Ch. Changyu Castel Chardonnay(チャンユー・カステル シャルドネ)

上記と同じワイナリーが生産するシャルドネの白ワインです。寒冷な地域で栽培されたシャルドネはミネラルや酸味が豊富に含まれています。

引き締まった上品な酸味と繊細な飲み口が特徴で、フランス・ブルゴーニュのワインを彷彿とさせてくれます。

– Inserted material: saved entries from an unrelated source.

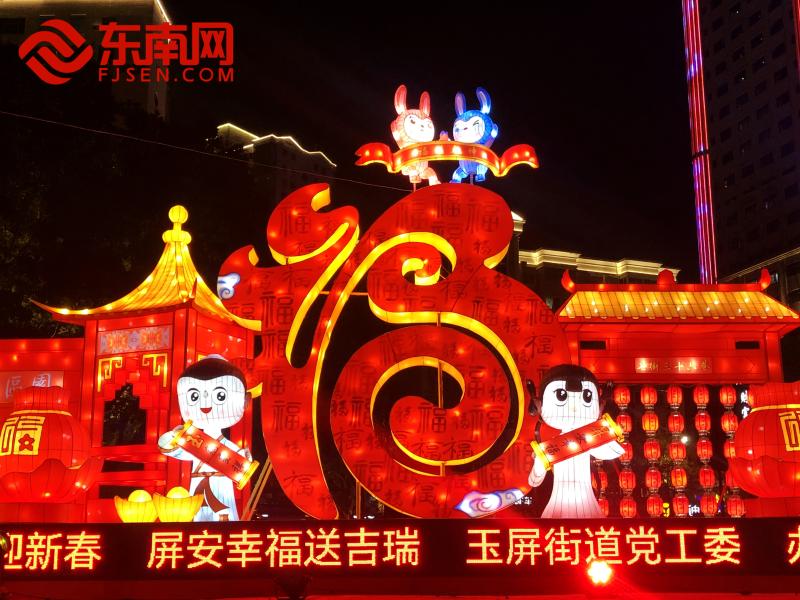在燈組上,“福”字兩側矗立著一男一女,分別為“阿玉”“阿屏”,二人手持“玉兔呈祥、屏安幸福”藏頭對聯,寓意新年送新福。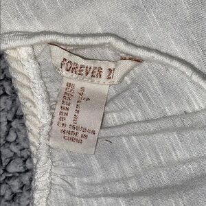 This relaxed camisole from Forever 21 features a chic asymmetrical design in a fresh white and blue color palette. The sleeveless top offers a comfortable fit, perfect for casual outings or layering. Its flowy fabric and unique style make it a versatile addition to any wardrobe.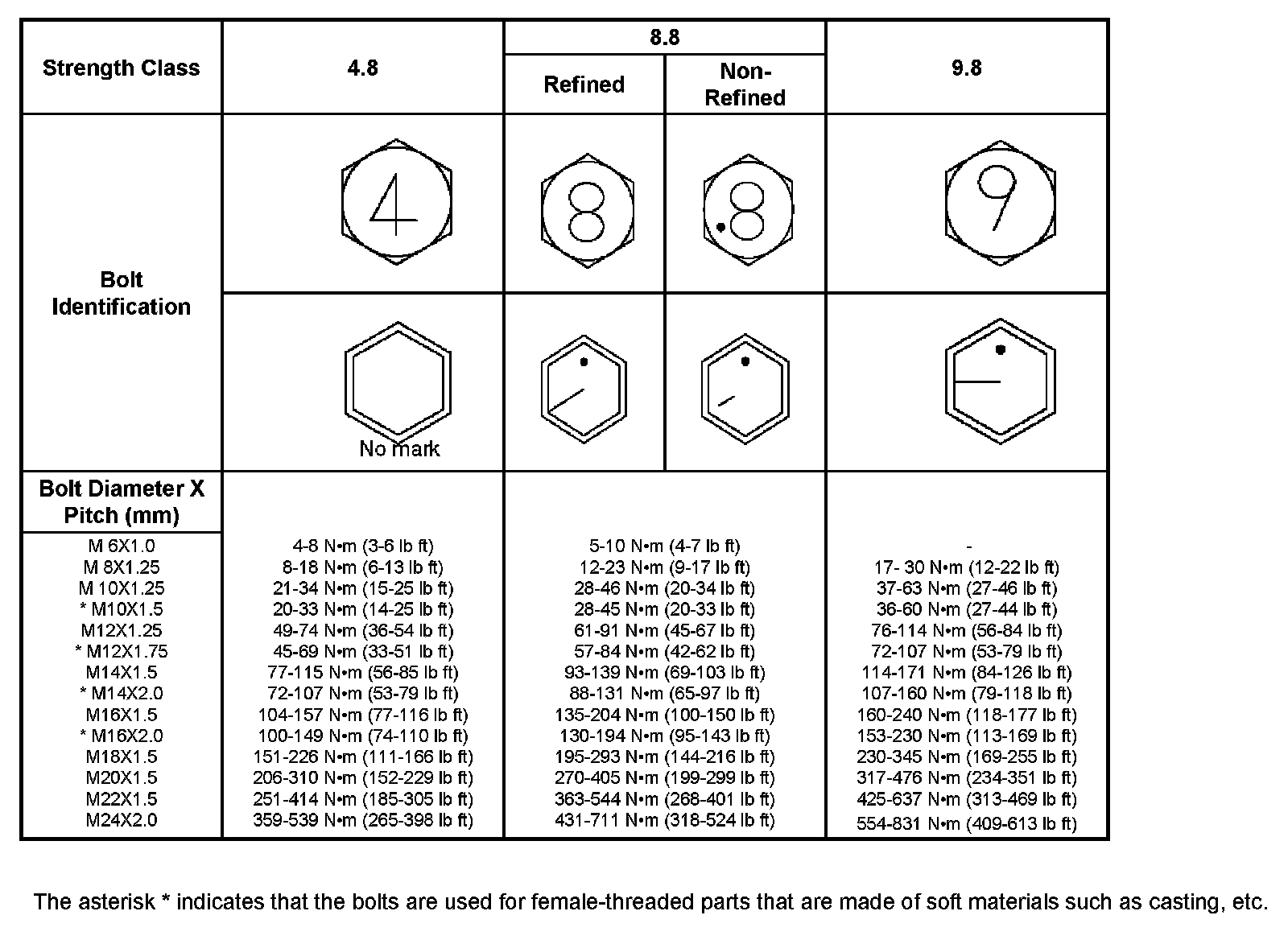 Standard Bolts Torque Specifications: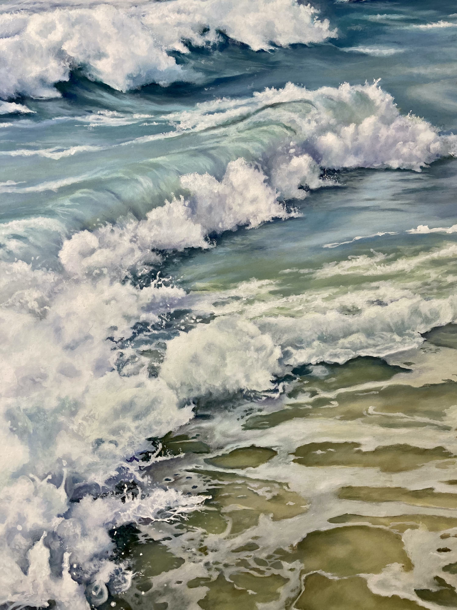 Colori a olio su tela e a pastello su carta, queste le tecniche utilizzate con maestria da Lucia Onesti per raccontare le sue onde, inquadrandole all’interno di altre inquadrature, come chi il mare lo vive da vicino e lo ama profondamente.

Golden Icewine Valley(ゴールデンアイスバレー)

こちらはカナダのアイスワインメーカーと提携をし、造られた天然のアイスワインです。

中国遼寧省に世界最大級のアイスワイン畑を作り、人口凍結を行わない自然派なワインを開発しました。中国初のアイスワインでもあり、上品な甘さと芳醇な香りが多くの人を魅了しています。

まとめ

今回は中国ワインの特徴や歴史、おすすめの銘柄を紹介してきました。

日本人には馴染みのない中国ワインですが、日本よりもワイン造りが盛んだと分かりましたね。フランスやイタリアの有名メーカーの畑もあるということで、これからの成長が楽しみです。

気になる方はネット通販などで中国ワインを注文してみてくださいね。